Mapping local fitness landscapes over 50,000 generations of evolution

Abstract

Evolution is short-sighted; as a population adapts, natural selection can only act on existing genetic variation, a key tenet of Darwinian evolutionary theory. For asexually evolving organisms such as bacteria, only those genetic variants that arise in the mutational neighborhood of the starting population are visible to selection. Because effects of mutations are context dependent, accumulation of mutations during adaptation can modulate the access to and effects of yet-to-occur mutations. Therefore, the local mutational neighborhood can begin to look different over long periods of time.
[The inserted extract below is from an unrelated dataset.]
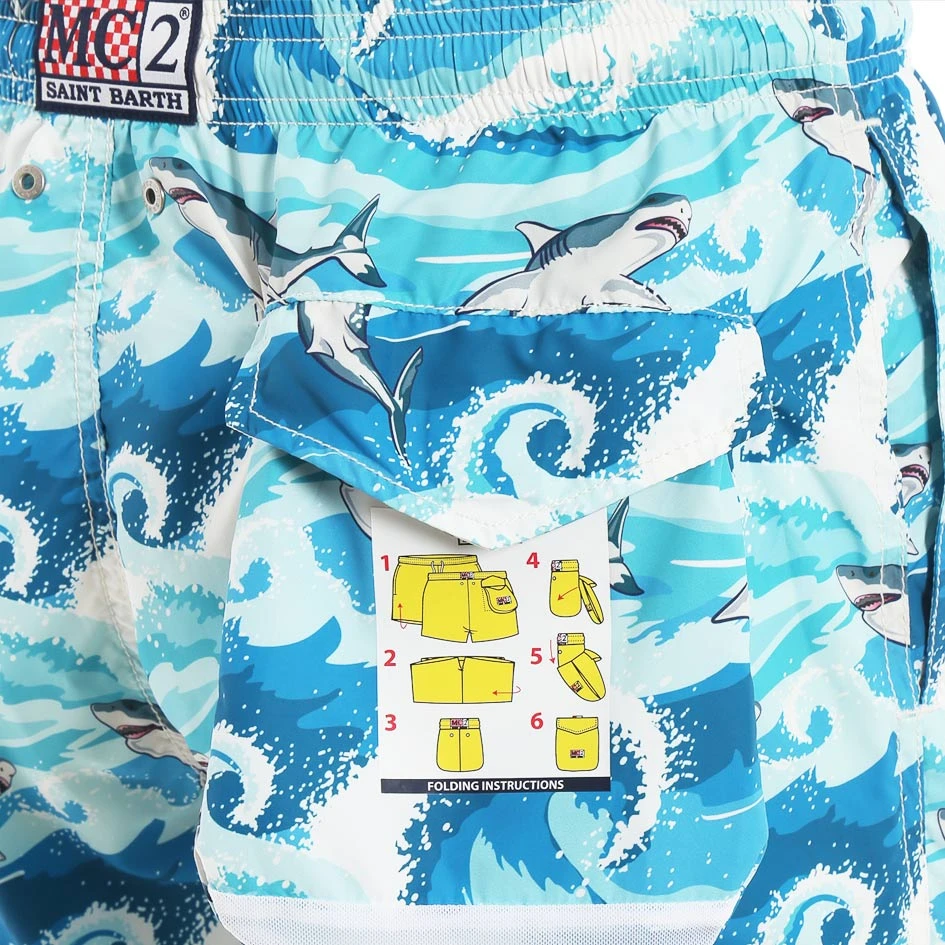Man swim trunk, light fabric, shark in the wave all over print, light blue shadows backcloth, regular fit, inside ergonomic brief, drawcord closure, backside pocket with velcro closure, pockets on both sides.

With the advent of modern genetic engineering and genomics tools, and ability to sequence at scale, we can create and measure effects of thousands of mutations and address a key question: \textit{how different are the local fitness landscapes before and after thousands of generations of adaptation to an environment?}

In this dissertation, I describe my work exploring how the properties of the local fitness landscape of loss of function mutations changes over the long-term evolution experiment (LTEE) in \textit{E. coli}, and computational and experimental approaches to optimize fitness measurements from sequencing based fitness assays. In Chapter 2, I detail research where I construct highly saturated transposon insertion mutagenesis libraries in ancestral and evolved strains from the LTEE, finding that while the statistical properties of the fitness landscape do not change systematically over 50,000 generations of evolution, access to particular evolutionary paths changes consistently across the replicate evolving populations. In Chapter 3, I discuss limitations of pooled sequencing-based fitness assays, tradeoffs in resolving deleterious and near-neutral fitness effects in a single experiment given fixed total sequencing, and suggest best practices to tune design of fitness assay experiments for the effect sizes relevant to the specific biological question. And in Chapter 4, I describe the development of UMI-TnSeq, a unique molecular identifier enabled sequencing library preparation protocol, and apply this method to show that PCR amplification bias is not consequential for transposon insertion sequencing experiments. Lastly, in Chapter 5, I review my findings and speculate on promising future directions stemming from this research.